■ Exercise input:
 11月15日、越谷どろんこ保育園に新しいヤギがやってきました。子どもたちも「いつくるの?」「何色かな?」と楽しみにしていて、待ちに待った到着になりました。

--

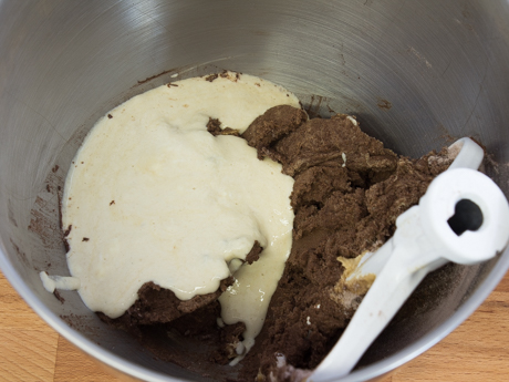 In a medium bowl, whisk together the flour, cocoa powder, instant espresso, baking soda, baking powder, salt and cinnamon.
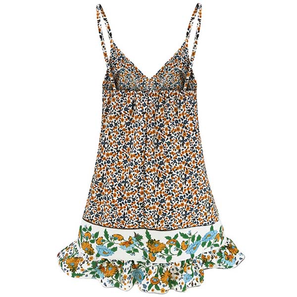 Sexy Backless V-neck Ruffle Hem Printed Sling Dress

■ Exercise details: What do the entries above read from the line containing "In a medium" through the line containing "Sexy Backless V-neck"? Output those lines exactly, both ends included, with the pictures left out.

■ Expected answer:
 In a medium bowl, whisk together the flour, cocoa powder, instant espresso, baking soda, baking powder, salt and cinnamon.
 Sexy Backless V-neck Ruffle Hem Printed Sling Dress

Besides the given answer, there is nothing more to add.